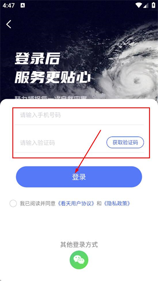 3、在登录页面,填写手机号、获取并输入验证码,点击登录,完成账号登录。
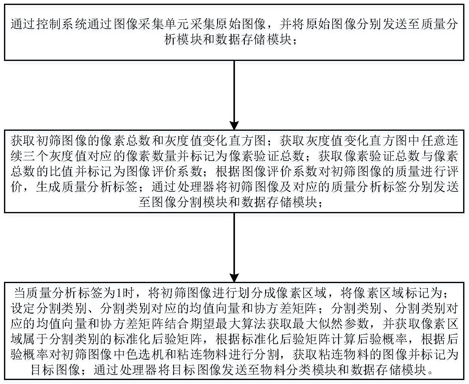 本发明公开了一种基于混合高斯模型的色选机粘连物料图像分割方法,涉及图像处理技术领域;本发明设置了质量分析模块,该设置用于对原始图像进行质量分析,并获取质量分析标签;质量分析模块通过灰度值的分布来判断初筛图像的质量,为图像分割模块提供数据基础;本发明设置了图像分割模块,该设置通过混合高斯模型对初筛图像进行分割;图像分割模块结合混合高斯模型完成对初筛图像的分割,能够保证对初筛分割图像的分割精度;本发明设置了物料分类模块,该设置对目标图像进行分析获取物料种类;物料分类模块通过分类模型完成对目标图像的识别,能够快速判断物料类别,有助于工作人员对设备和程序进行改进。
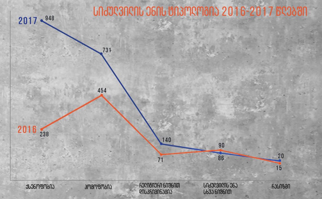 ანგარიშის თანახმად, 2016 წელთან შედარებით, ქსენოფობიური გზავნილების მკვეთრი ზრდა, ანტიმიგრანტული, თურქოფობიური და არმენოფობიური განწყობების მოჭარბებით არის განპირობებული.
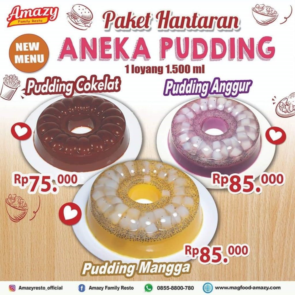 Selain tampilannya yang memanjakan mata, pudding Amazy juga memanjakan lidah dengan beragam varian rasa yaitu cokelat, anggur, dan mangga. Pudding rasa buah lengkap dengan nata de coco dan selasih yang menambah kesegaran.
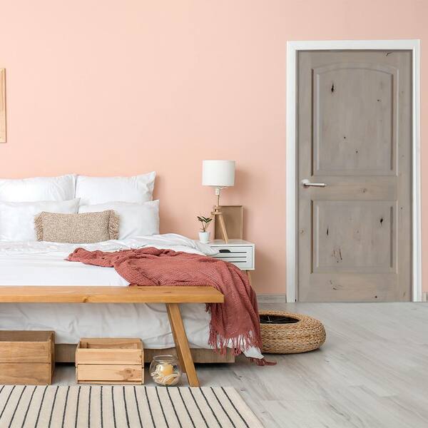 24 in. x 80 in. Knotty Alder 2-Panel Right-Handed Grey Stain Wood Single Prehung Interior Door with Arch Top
★ ★ ★ ★
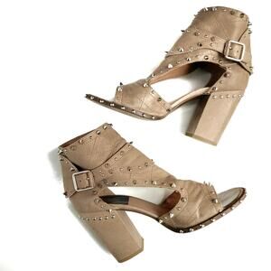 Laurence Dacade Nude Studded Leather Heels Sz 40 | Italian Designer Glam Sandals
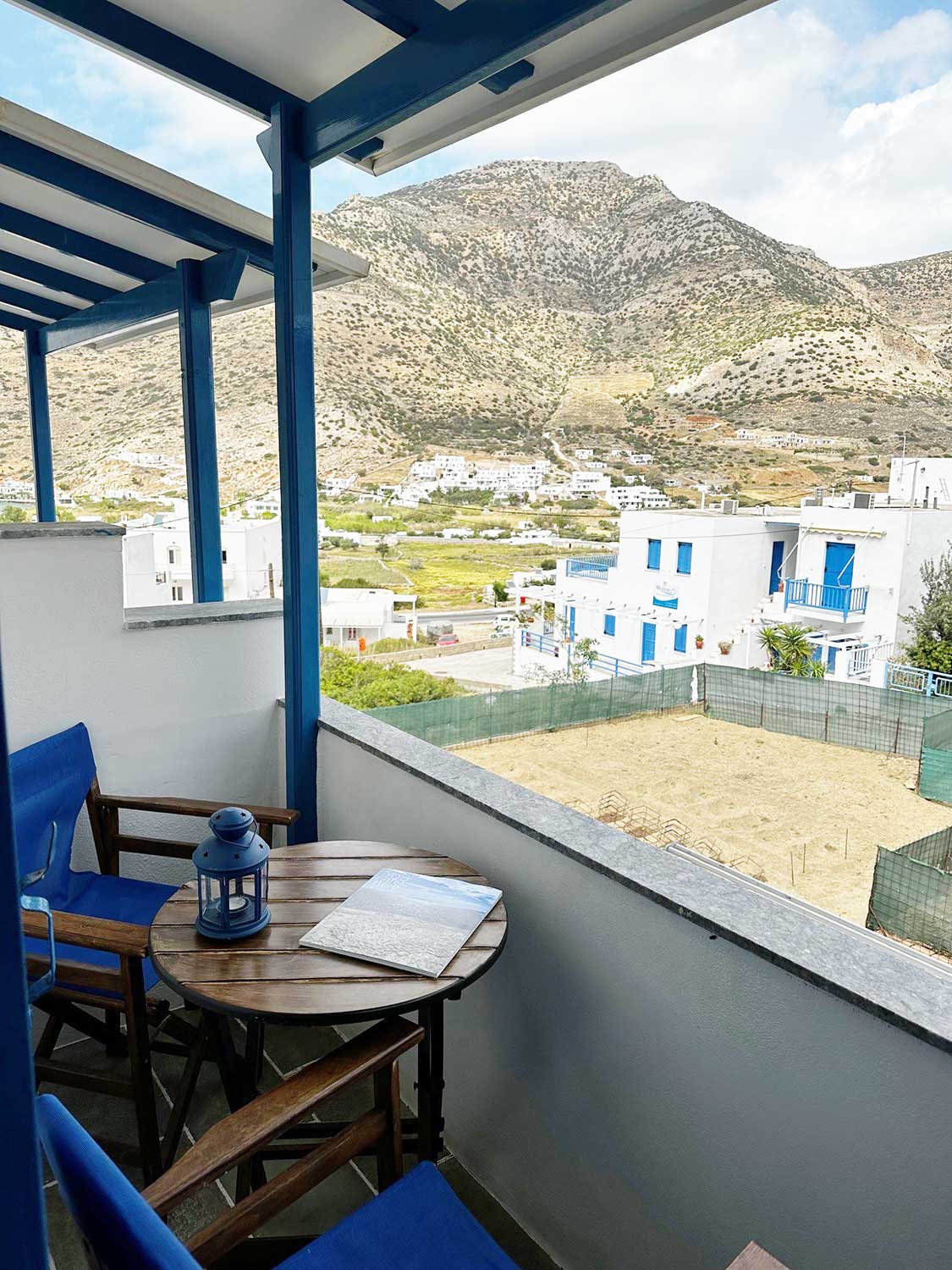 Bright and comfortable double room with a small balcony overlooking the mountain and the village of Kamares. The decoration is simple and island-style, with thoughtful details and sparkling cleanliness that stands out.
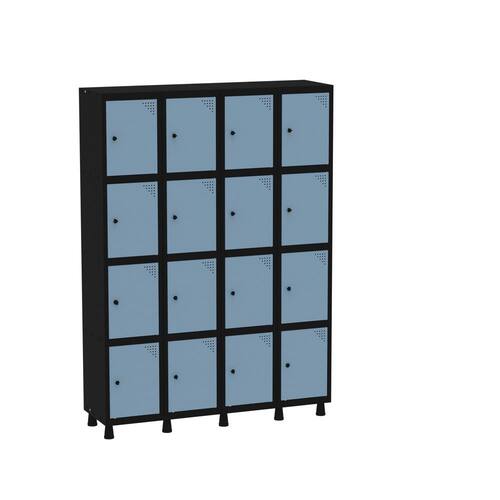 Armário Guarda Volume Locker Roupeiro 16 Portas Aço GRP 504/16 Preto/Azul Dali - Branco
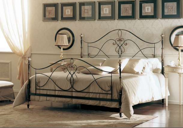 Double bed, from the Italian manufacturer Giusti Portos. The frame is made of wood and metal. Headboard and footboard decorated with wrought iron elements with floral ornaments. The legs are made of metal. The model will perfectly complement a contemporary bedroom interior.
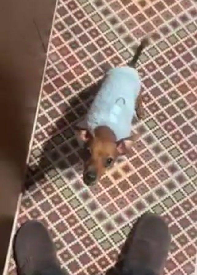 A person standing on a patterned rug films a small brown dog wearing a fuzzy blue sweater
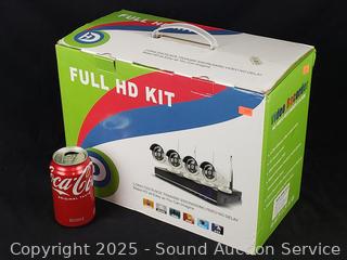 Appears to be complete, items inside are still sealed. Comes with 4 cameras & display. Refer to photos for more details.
★ ★ ★ ★
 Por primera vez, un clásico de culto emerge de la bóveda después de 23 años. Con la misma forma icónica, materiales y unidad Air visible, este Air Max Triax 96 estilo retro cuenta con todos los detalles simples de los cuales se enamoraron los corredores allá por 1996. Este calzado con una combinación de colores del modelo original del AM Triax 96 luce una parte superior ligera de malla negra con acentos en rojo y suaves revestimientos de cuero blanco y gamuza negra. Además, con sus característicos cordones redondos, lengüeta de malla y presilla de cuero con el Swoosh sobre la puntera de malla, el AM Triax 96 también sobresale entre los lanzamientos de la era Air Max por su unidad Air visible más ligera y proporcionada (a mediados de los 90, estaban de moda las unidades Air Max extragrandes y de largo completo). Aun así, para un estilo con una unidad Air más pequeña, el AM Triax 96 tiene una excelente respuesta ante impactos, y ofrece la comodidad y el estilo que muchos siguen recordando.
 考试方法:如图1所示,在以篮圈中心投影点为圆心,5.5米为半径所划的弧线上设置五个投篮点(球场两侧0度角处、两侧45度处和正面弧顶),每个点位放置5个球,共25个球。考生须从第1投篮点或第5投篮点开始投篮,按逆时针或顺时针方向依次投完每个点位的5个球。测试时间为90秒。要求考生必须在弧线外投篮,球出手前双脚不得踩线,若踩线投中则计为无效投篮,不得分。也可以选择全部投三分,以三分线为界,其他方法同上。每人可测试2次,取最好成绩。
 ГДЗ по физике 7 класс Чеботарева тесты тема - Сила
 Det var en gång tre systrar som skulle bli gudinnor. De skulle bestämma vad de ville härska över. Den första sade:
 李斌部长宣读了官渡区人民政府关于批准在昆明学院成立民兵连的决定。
★ ★ ★ ★
▶ **Work task**: Output, from the data above, the lines from the line with "Por primera vez, un" to the line with "李斌部长宣读了官渡区人民政府关于批准在昆明学院成立民兵连的决定。" exactly as they stand, both ends included and nothing else.

▶ **Task response**:
 Por primera vez, un clásico de culto emerge de la bóveda después de 23 años. Con la misma forma icónica, materiales y unidad Air visible, este Air Max Triax 96 estilo retro cuenta con todos los detalles simples de los cuales se enamoraron los corredores allá por 1996. Este calzado con una combinación de colores del modelo original del AM Triax 96 luce una parte superior ligera de malla negra con acentos en rojo y suaves revestimientos de cuero blanco y gamuza negra. Además, con sus característicos cordones redondos, lengüeta de malla y presilla de cuero con el Swoosh sobre la puntera de malla, el AM Triax 96 también sobresale entre los lanzamientos de la era Air Max por su unidad Air visible más ligera y proporcionada (a mediados de los 90, estaban de moda las unidades Air Max extragrandes y de largo completo). Aun así, para un estilo con una unidad Air más pequeña, el AM Triax 96 tiene una excelente respuesta ante impactos, y ofrece la comodidad y el estilo que muchos siguen recordando.
 考试方法:如图1所示,在以篮圈中心投影点为圆心,5.5米为半径所划的弧线上设置五个投篮点(球场两侧0度角处、两侧45度处和正面弧顶),每个点位放置5个球,共25个球。考生须从第1投篮点或第5投篮点开始投篮,按逆时针或顺时针方向依次投完每个点位的5个球。测试时间为90秒。要求考生必须在弧线外投篮,球出手前双脚不得踩线,若踩线投中则计为无效投篮,不得分。也可以选择全部投三分,以三分线为界,其他方法同上。每人可测试2次,取最好成绩。
 ГДЗ по физике 7 класс Чеботарева тесты тема - Сила
 Det var en gång tre systrar som skulle bli gudinnor. De skulle bestämma vad de ville härska över. Den första sade:
 李斌部长宣读了官渡区人民政府关于批准在昆明学院成立民兵连的决定。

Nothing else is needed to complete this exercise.